The Reserve Bank of India (RBI) is widely expected to keep the repo rate or key policy rate unchanged at 6 percent on Wednesday citing higher inflation risks and weak credit demand.
“On the eve of the forthcoming monetary and credit policy, the central bank is stuck in a conundrum of low growth, mild inflation, saving financialization and external uncertainties. This will make the job difficult for RBI on October 4,” said a State Bank of India (SBI) note by its chief economic adviser Soumya Kanti Ghosh.
Since RBI’s last rate cut in the previous meeting in August, Consumer Price Index (CPI) inflation has scaled higher by about 200 basis points (bps) to 3.36 percent in August, though on expected lines, to reach a five-month high.
Further, cumulative headline rainfall during the 2017 monsoon season, at around 95 percent of the long-period average, is marginally below the “normal” range of 96-104 percent.
However, driven by food inflation, it is likely to be reversed sooner and despite an upward blip, it is expected to remain in the target range of 4 percent (+/- 2 percent) for a longer term.
“I am pretty sure that they will maintain a status quo citing risks to inflation from likely upticks in food and fuel inflation plus GST (Goods and Services Tax) and HRA (house rent allowance) effect. But these are essentially cost push pressures and no indicator at present is suggesting any improvement in aggregate demand,” said Rupa Rege Nitsure, Group Chief Economist, L&T Financial Services.
Additionally, she said, “Growth slowdown is very acute. In view of this, I want them to lower rates at least by 25 bps, lower their GDP growth estimate by 50 bps and change the policy stance to accommodative. This will be supportive of the borrowing programmes of at least sound companies in H2, FY18.”
Given the falling growth rate and drag on the economic activity in the first and second quarter, the central bank’s forward guidance on growth and inflation would be worth noting.
Further, despite signs of a slight uptick in inflation for the reasons above and the GDP (gross domestic product) growth falling to a three-year low of 5.7 percent in the first quarter of the fiscal, there have been demands of further lowering of the key lending rates.
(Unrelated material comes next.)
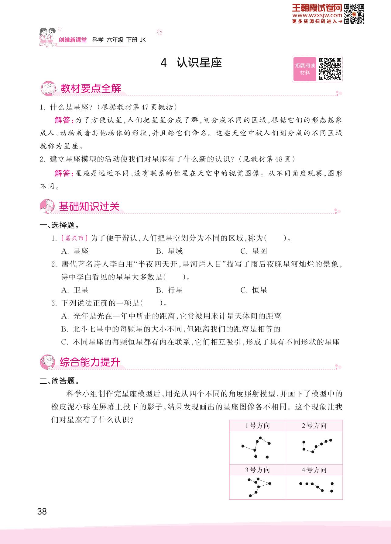 2023下册六年级科学教科版 第三单元 宇宙——4 认识星座

Nevertheless, there has been weak demand for credit amid slowdown in business growth.RBI Governor Urjit Patel has also met Finance Minister Arun Jaitley before the monetary policy review to discuss the macro-economic issues amid rate cut demands to boost the sagging growth.
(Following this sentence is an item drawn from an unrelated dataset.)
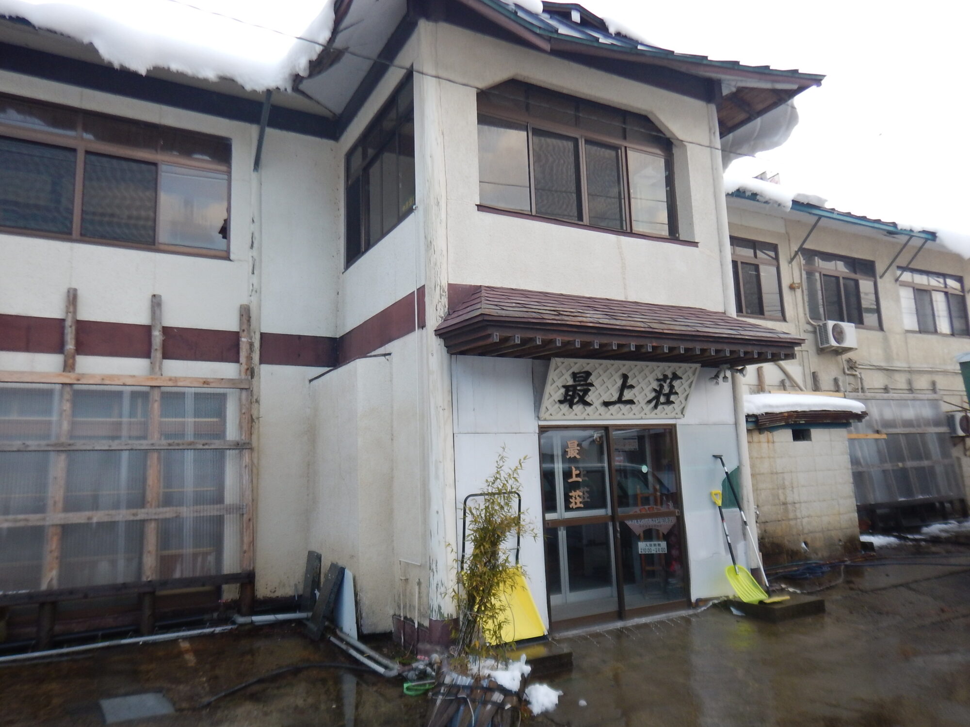 久しぶりの最上荘、最近来ていなかったので営業しているか少し不安でしたが、駐車場に融雪の為のお湯が撒かれているのを確認してホッと胸を撫でおろします。

The SBI note also said, “Currently, there are other challenges, too, like an uncertain global environment and weak growth. In particular, the external environment looks a little bit wobbly compared to what it was at the beginning of 2017. For example, a notable feature of current capital flows is the continuing importance of external debt. Total external debt stocks of developing countries (including India) and economies in transition are estimated to have reached USD 7.1 trillion in 2016, an overall increase of 80 percent since 2009. No wonder, rupee is currently witnessing depreciation pressures.”
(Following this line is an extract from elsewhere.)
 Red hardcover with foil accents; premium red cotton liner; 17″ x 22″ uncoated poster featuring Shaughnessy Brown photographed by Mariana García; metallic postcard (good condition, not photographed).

In its August policy review, the RBI had reduced the repo rate by 25 basis points to 6 percent.The six-member monetary policy committee (MPC) headed by Patel will meet for two days on October 3 and 4 in Mumbai to deliberate on the fourth bi-monthly monetary policy statement for 2017-18.“The resolution of the MPC will be placed on the website at 2.30 pm on October 4, 2017,” RBI said.